EX-10.B 3 a10kexhibit10b06302017q4.htm KIMBALL INTERNATIONAL, INC. EXHIBIT 10.B Exhibit
Exhibit 10(b)
DISCRETIONARY COMPENSATION |
Because special situations occur where individual achievement may not be adequately recognized under incentive plans, the Compensation and Governance Committee (the “Committee”), grants authority to the Chief Executive Officer to distribute additional discretionary stock compensation up to an aggregate maximum amount to eligible participants for each particular fiscal year.
For fiscal year 2018, the maximum number of shares approved by the Committee was 125,000 shares of Common Stock. The stock compensation which will be awarded under the Company's Amended and Restated 2003 Stock Option and Incentive Plan or its replacement, may be in the form of stock compensation awards, grants of shares pursuant to the Company's Enhanced Severance Plan, and/or outright grants of shares of Common Stock.
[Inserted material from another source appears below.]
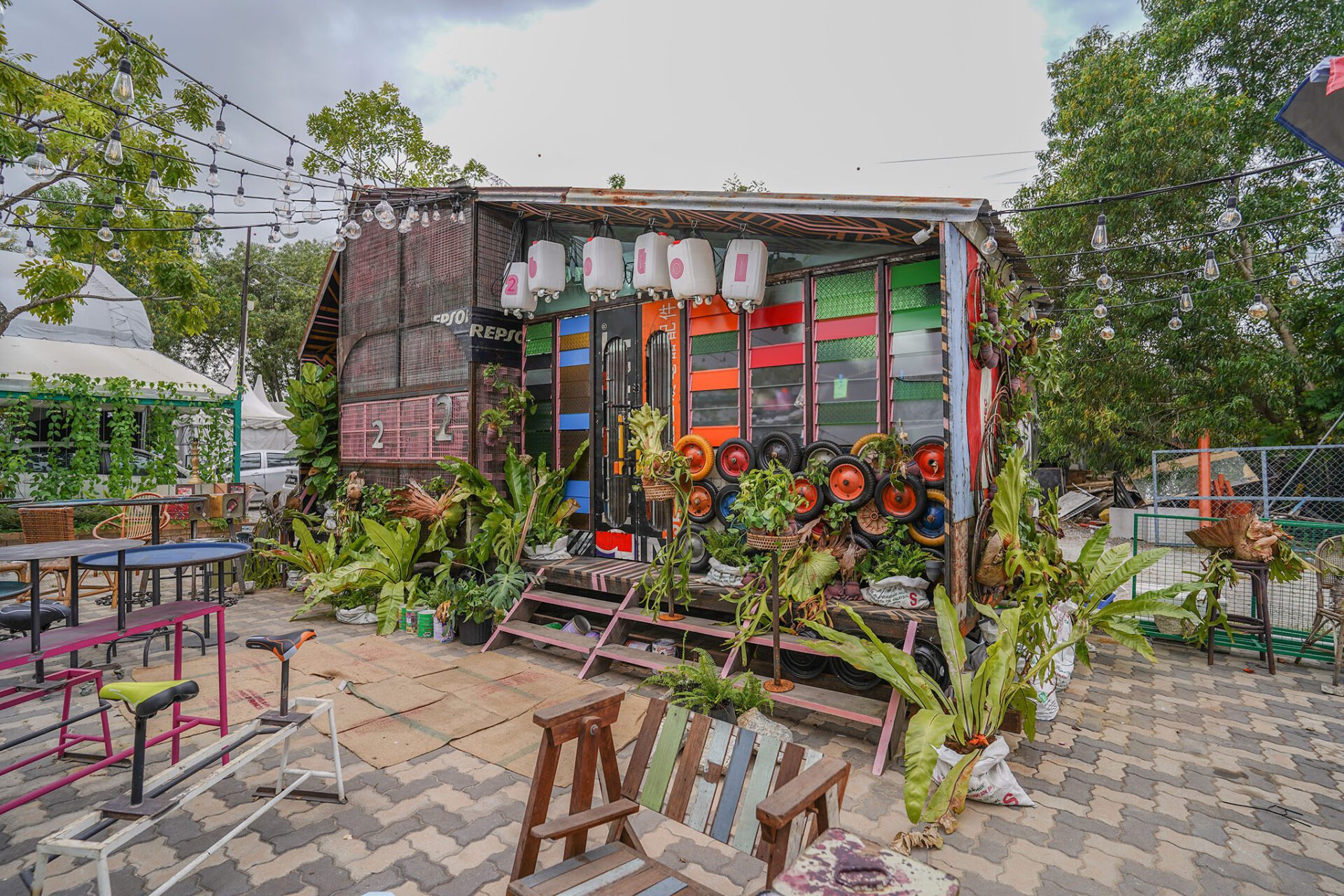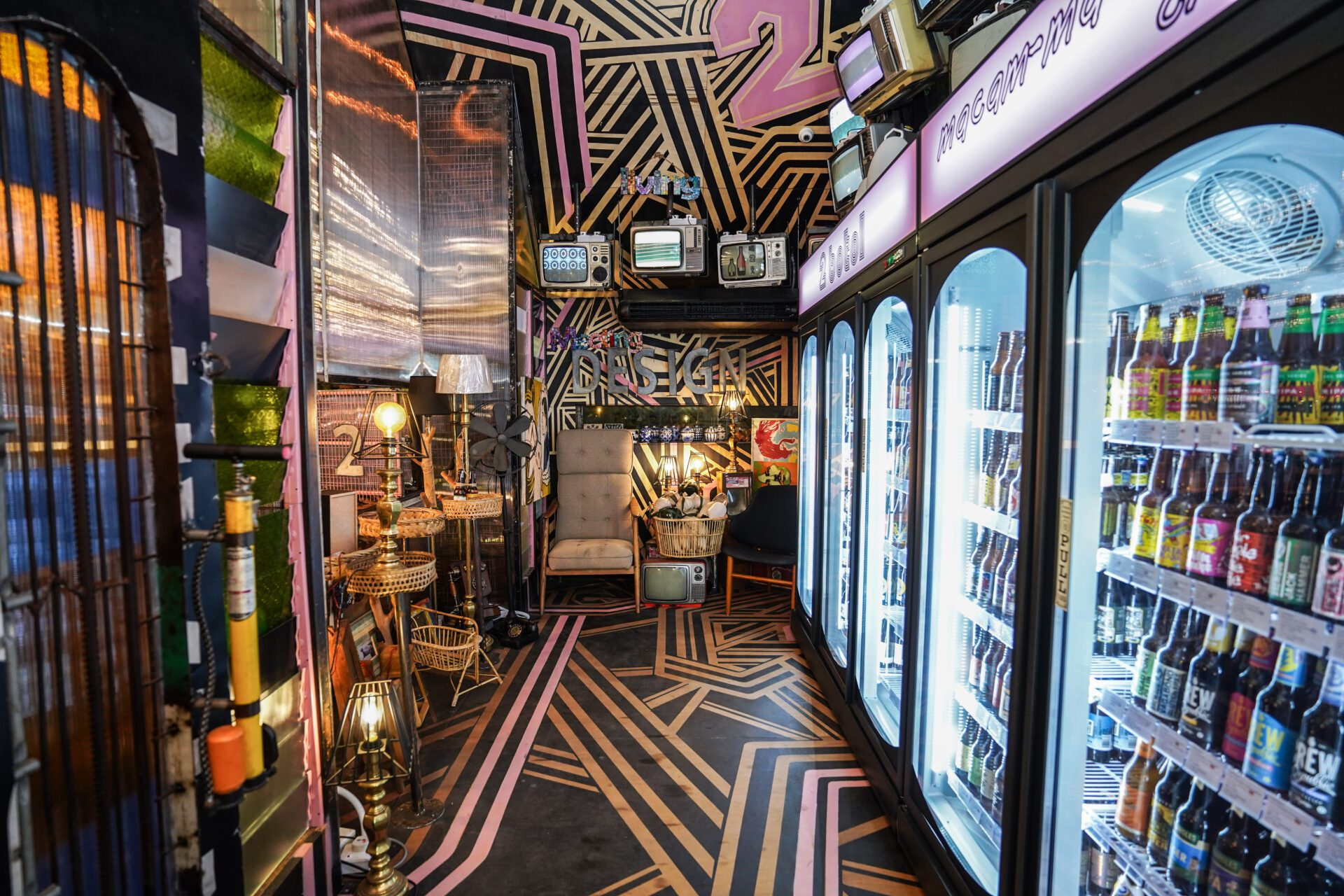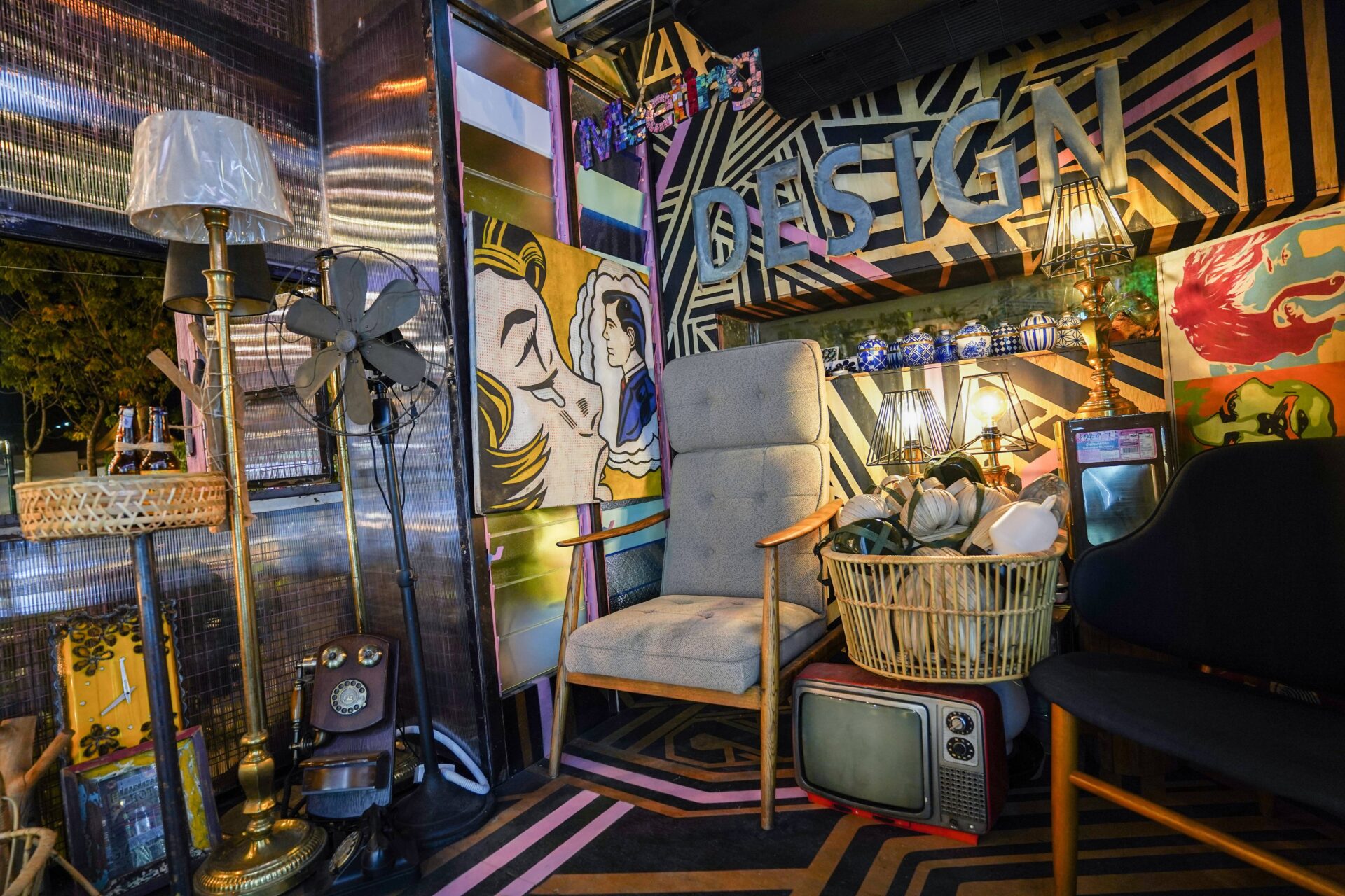 To soften the industrial tone of the exterior, lush green plants were placed outside to emphasize the importance of greenery. The rear wall features two beetles cut from reclaimed iron sheets, decorated with geometric patterns. Outdoor lighting uses vintage-style Edison bulbs to evoke nostalgia. Inside, the design is eclectic and layered, combining vintage black-and-white TVs, retro sofas, telephones, table lamps, and semi-abstract paintings. Everyday objects from different cultures are arranged densely yet thoughtfully, creating a sense of organized chaos. Geometric patterns run across ceilings, floors, walls, and cabinets, resulting in a visually stimulating atmosphere within the limited space.

Discretionary stock compensation is awarded based upon individual effort and is paid in amounts and at such times as the Chief Executive Officer determines, in his sole discretion. No employee has a guaranteed right to discretionary compensation.
For awards of stock compensation, eligible participants include any employee of the Company (other than a Section 16 officer), any employee of companies acquired by the Company, or as part of an employment offer to potential employees of the Company. Any discretionary cash or stock awards to Named Executive Officers must be approved by the Committee.